UNHCRThe definition of refugee includes those who are members of a particular social group. Section 1 of the Refugee Act 1996 defines this ground as including (amongst others) those persecuted for reasons of their sexual orientation. In a recent United Kingdom Supreme Court decision, HJ (Iran) and HT (Cameroon) v Secretary of State for the Home Department the question that arose was whether a person had to be ‘discrete’ in relation to their sexuality so as to avoid persecution by the state. The High Court and Court of Appeal for England and Wales response to this question was ‘yes’. The UK Supreme Court, however, rejected this approach. Lord Roger (at para. 76) inverted the question posed in this case, questioning whether:

a straight man or woman could find it reasonably tolerable to conceal his or her sexual identity indefinitely to avoid suffering persecution.
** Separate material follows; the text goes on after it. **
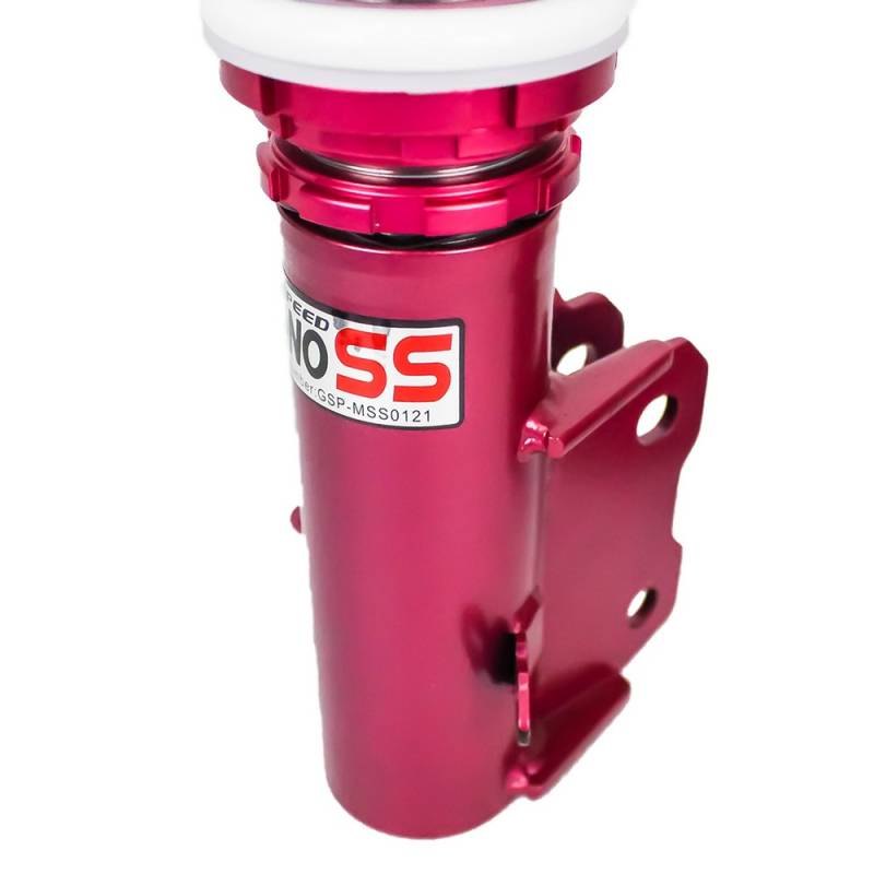 Godspeed Project's MonoSS is our one entity in our family of single-adjustable coilover suspension kits. These coilovers are designed to be a streetable race built coilover at an affordable price. It features a monotube damper that is made out of a carbon seamless steel 52mm tube with a performance internal piston providing maximum damper response. The cold-bent springs are made from high strength SAE9252 steel to optimize the balance between performance and comfort. Using race quality shock oil, Godspeed Project can guarantee exceptional damper performance at any temperature on and off the track. The top of the shock is attached to the car using a high quality top hat that features a high performance Japanese KOYO 6204Z bearing pillow ball mount (when applicable). The bottom shock brackets are made out of a T7075 forged aluminum or carbon steel brackets for lighter weight without sacrificing durability which also includes brake line brackets (when applicable). The MonoSS offers 16 level of damper adjustability which can be set to your preference.

Fiona de Londras noted in a previous post, how Irish decision makers were finding against the credibility of refugee applicants for not knowing or being involved in the gay rights movement or arguing that they could be ‘discrete’ if returned to their countries of origin. This is a wholly incorrect approach to follow. It debases human dignity to an extent that is intolerable. The approach of the UK Supreme Court is more in line with the object and purpose of the Refugee Convention and ensuring that as a living instrument it continues to have relevance to forms of persecution against emerging social groups. In deciding whether an asylum seeker, who bases his/her claim on sexual orientation, the test set down by Lord Roger as to how this claim should be assessed is useful (at para. 82 of his judgment):

  1. The tribunal must first ask itself whether it was satisfied that an applicant is, or would be treated as gay by potential persecutors in his home country. If so,
  2. the tribunal then has to ask itself whether it was satisfied that gay people who lived openly would be liable to persecution. If so,
  3. the tribunal should consider what the individual applicant would do if returned to that country. If the asylum seeker would live openly and thereby be exposed to a real risk of persecution, then s/he had a well-founded fear of persecution, even if the risk could be avoided by living “discreetly”. If, on the other hand, the tribunal concluded that the applicant would in fact live discreetly and so avoid persecution, it had to go on to ask itself why s/he would do so.
  4. If it concluded that the applicant would choose to live discreetly simply because that was how he wished to live, or because of social pressures, such as not wanting to distress his parents or embarrass his friends, his/her application should be rejected. Social pressures of that kind did not amount to persecution and the Refugee Convention did not offer protection against them.
  5. If, on the other hand, the tribunal concluded that a material reason for the applicant living discreetly would be a fear of the persecution which would follow if s/he were to live openly, then, other things being equal, the application should succeed.